Advanced: Wikis and Nested Pages
Notion wikis are just pages with pages inside them. The API treats them the same — there’s no special “wiki” type. You navigate the tree using:
GET /v1/blocks/{page_id}/children
This gives you all direct children of a page. Child pages appear as blocks of type child_page. To get the content of a child page, you recurse — fetch its ID, then fetch its children.
OpenClaw’s Notion skill handles this recursion, but there’s a practical limit: deep nesting (more than 3-4 levels) makes queries slow because each level requires an additional API call, and Notion’s rate limit is 3 requests per second.
For large wikis, the better pattern is to use the Notion search API:
POST /v1/search
{
"query": "your search term",
"filter": { "value": "page", "property": "object" }
}
This is faster than traversing the tree and doesn’t require knowing the page hierarchy.
Handling Notion’s Rate Limits
Notion’s API rate limit is 3 requests per second per integration. For most personal use this isn’t a problem. Where it bites:
- Importing large amounts of content
- Querying large databases (pagination requires multiple requests)

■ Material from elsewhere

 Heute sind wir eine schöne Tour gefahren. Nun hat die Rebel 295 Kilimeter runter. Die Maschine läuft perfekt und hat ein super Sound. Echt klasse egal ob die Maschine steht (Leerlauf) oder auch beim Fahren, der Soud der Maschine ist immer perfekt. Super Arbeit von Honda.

- Building complex pages with many blocks
OpenClaw implements automatic rate limit handling with exponential backoff. If you hit a 429 (rate limited), it waits and retries. You shouldn’t need to handle this manually, but if you’re writing custom skills, build in a 350ms delay between requests to stay under the limit.
Error Reference
| Error | Meaning | Fix |
|---|---|---|
| 404 on valid page ID | Integration not shared with page | Share the page with your integration |
| 400 on property write | Wrong property type in API call | Check database schema with GET /databases/{id} |
| 400 “rich_text exceeds limit” | Text block too long | Split into multiple rich_text elements |
| 429 | Rate limited | Wait and retry; reduce request frequency |
| 403 | Integration lacks capability | Enable capabilities in integration settings |
PaioClaw vs. DIY: Where the Friction Lives
The self-hosted integration above is functional for most use cases. Where it gets complex:
Schema changes: If you update your Notion database schema (rename a property, change a type), your OpenClaw skill breaks silently. Properties that don’t match the schema get ignored — no error, just missing data. PaioClaw’s Notion integration detects schema changes at runtime and adapts.

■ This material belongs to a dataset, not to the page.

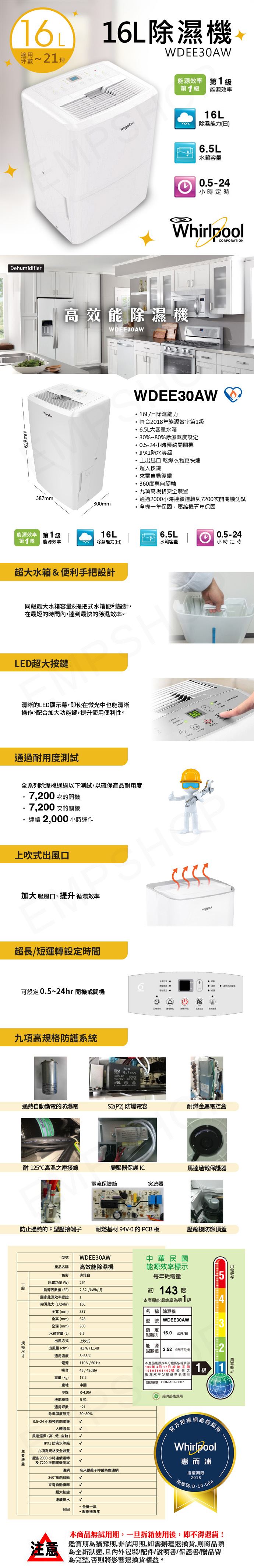 【惠而浦Whirlpool】16L能除 WDEE30AW ,推,箱,CP值,,,便宜,惠,介,排行,精,特,周年,,限

Multi-workspace setups: If you have work and personal Notion workspaces, you need two separate internal tokens and logic to route requests to the right workspace. PaioClaw handles this with workspace-aware routing.
OAuth for shared integrations: If you want to share an OpenClaw setup with a team and each person uses their own Notion workspace, you need OAuth — which requires hosting a callback URL, handling token refresh, and storing credentials securely. PaioClaw manages OAuth flows out of the box.
For a personal second-brain setup with a single workspace, self-hosted with an internal token works well. PaioClaw becomes worth considering when you hit multi-workspace complexity, need team sharing, or want the schema-change resilience without building it yourself.
PaioClaw starts free, with paid plans from $15/mo (Smart) and $25/mo (Genius).
Summary
The Notion integration has three layers: auth (internal token for personal use), reading (pages via block tree, databases via query API), and writing (properties for structured data, blocks for content). The rich-text JSON model is Notion’s biggest idiosyncrasy — once you internalize it, the rest of the API is logical.
The “second brain” recipe — Notion as OpenClaw’s long-term memory with capture and retrieval workflows — is the highest-value use case for most users. Set that up first, then layer in the meeting notes pipeline and task automation once the foundation is working.